Limites de l’opposition

  • La difficulté de se mettre autour d’une table de travail pour se fixer des objectifs raisonnables et se pourvoir en moyens de sa politique.
  • La prison de la mysticité, de la fausse religion, du tribalisme, du népotisme.
  • Le bas niveau d’instruction, de formation et d’éducation.
  • L’absence de l’altruisme et la domination de l’égoïsme.
  • La propension aux frivolités de la vie, aux plaisirs éphémères, dont un danse plutôt rabaissante.

Solution appropriée et efficace

  • Face à la crise d’homme, à la crise politique, économique, culturelle et sociale que vit le Congo, d’aucuns pourraient se permettre de jeter les bras.  Une solution simple et élégante existe pourtant.
  • La fédération des ressources de ceux qui croient au changement : à la paix, à la valeur du travail bien mené et à la force de l’unité.
  • La purification préalable de l’espace politique Congolais par les congolais eux-mêmes.  Une vision d’un développement intégral de la nation congolaise à bâtir des cendres des rebellions, des dictatures et de l’imposture.
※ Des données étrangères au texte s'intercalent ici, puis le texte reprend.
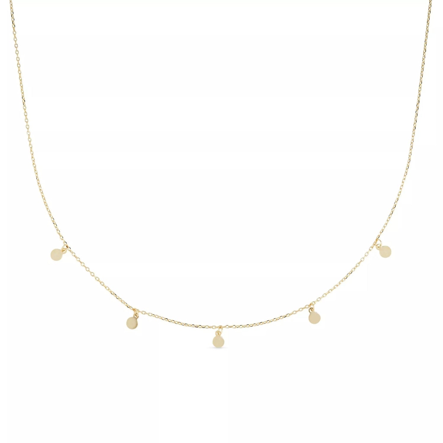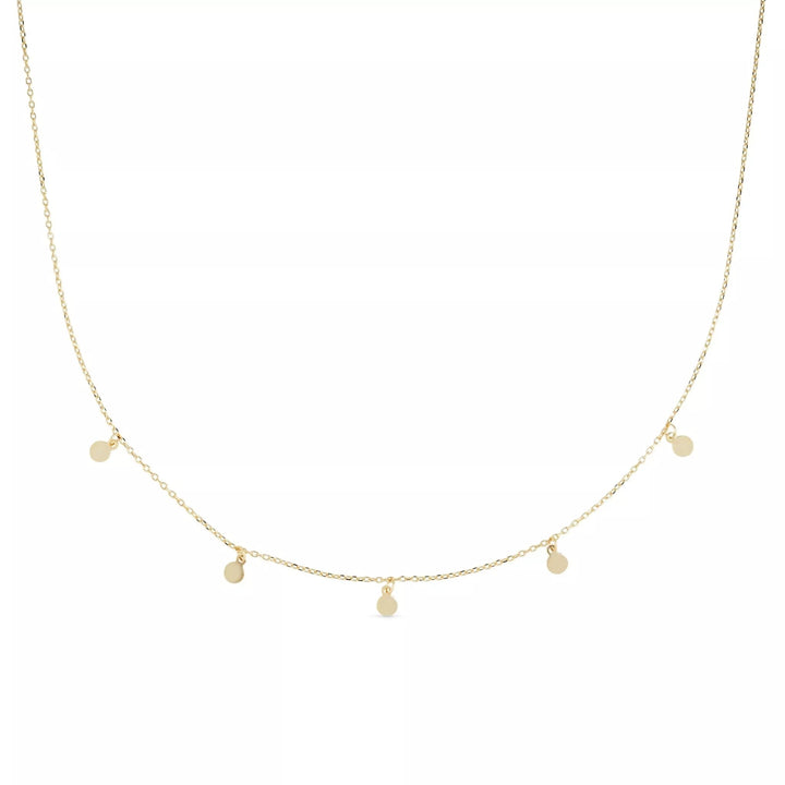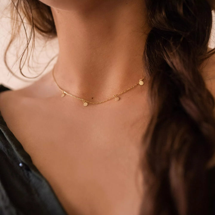 This Dainty Gold Disc Choker Necklace by Elk & Bloom is a perfect accessory for anyone looking for a little sparkle. The necklace is made of solid sterling silver and coated in genuine 18k gold plating. It features a small beaded circle design and is adjustable from 39cm to 45cm. This dainty and elegant choker is perfect for gifting and for adding a chic, subtle statement to any look.
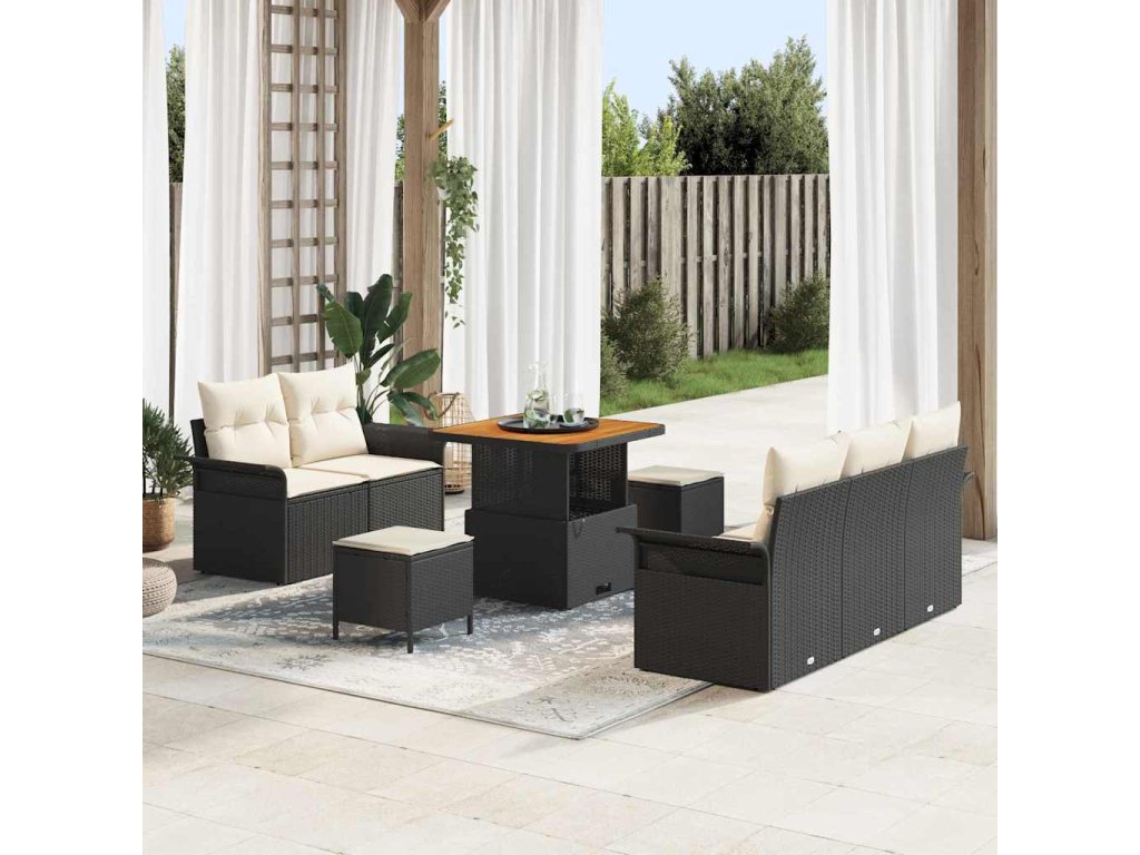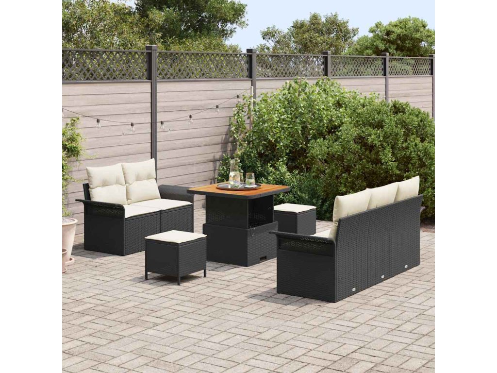 Sada zahradních pohovek s polštářem 8 pcs Černá a krémová [3364025]
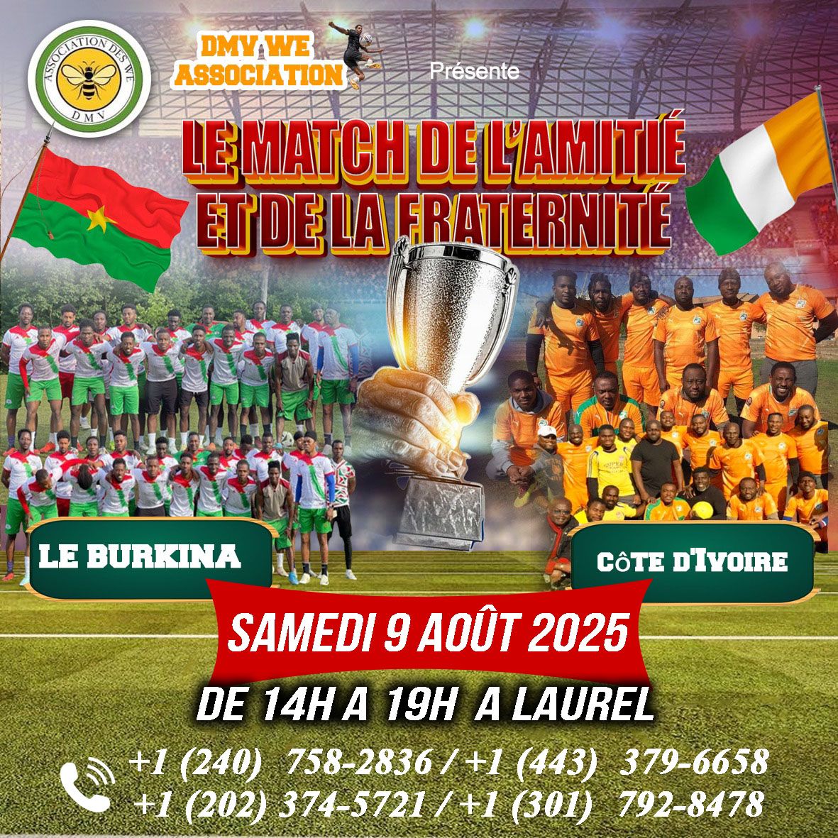 Le samedi 9 août 2025, la ville de Laurel dans l’État du Maryland (États-Unis) vibrera au rythme d’une rencontre pas comme les autres : un match de gala opposera la Côte d’Ivoire au Burkina Faso sur le terrain d’honneur du Alice B. McCullough Field. Organisé par l’association des Wês du District de Columbia, du Maryland et de la Virginie (DMV), cet événement sportif et culturel s’inscrit dans le cadre du renforcement de l’amitié et de la fraternité entre les communautés ivoirienne et burkinabé vivant sur le sol américain.

Responsable de l’imposture

  • Dès 1965, nous acceptions l’inacceptable : le coup d’État militaire.
  • 32 ans durant, nous faisions le culte du mensonge politique, d’une paresse institutionnalisée, de la dictature et du tribalisme.
  • 1997, nous acceptions un autre coup d’État et le règne de rebelles plusieurs fois consécutivement.
  • 2001, nous acceptions un autre coup d’État et cautionnions même l’imposture.
  • 14 ans durant, nous supportons, encore une fois, la dictature et participons à la décimation de notre peuple par celle-ci.  Nous confions encore une fois aux rebelles la direction de l’État.

Indispensable Projet 2014

  • Seul le Projet 2014, dans sa conception, n’autorise ni l’esclavage, ni la colonisation, ni la dictature, ni l’imposture, ni la médiocrité et contraint tout les participants à la démocratie et au travail patriotiques.
  • L’exigence de la démocratie tous azimuts disqualifie à l’entrée toutes les personnes mues par des velléités dictatoriales, tribalistes, esclavagiste, colonialistes, dominatrices…
  • L’exigence de l’indépendance inconditionnelle de nos peuples impose le vrai respect du congolais et des étrangers vivant sur notre territoire.  De ce fait la paix véritable dans le pays sur le court, le moyen et long terme est garantie.  Comme corollaire cette paix ouvre la possibilité de travailler enfin pour le développement intégral du congolais.
  • Le Projet 2014 ou un projet similaire dans sa conception reste de ce fait la solution incontournable pour un Congo souffrant l’insécurité et la pauvreté du plus grand nombre.  Tant que les congolais l’occulteront, sciemment, nous pouvons être sûrs qu’ils échopperont aux souches qu’ils auront eux même laissées sur notre chemin vers la construction d’une nation digne au Centre de l’Afrique.
  • Il faut se réjouir que quelques congolais commencent à nous comprendre et à nous donner enfin raison.  Il faut que leur nombre atteigne les 50% de notre électorat pour que le pays change définitivement.  Cela peut requérir jusque 20 à 30 ans au regard de l’allure que connait ce changement de mentalité.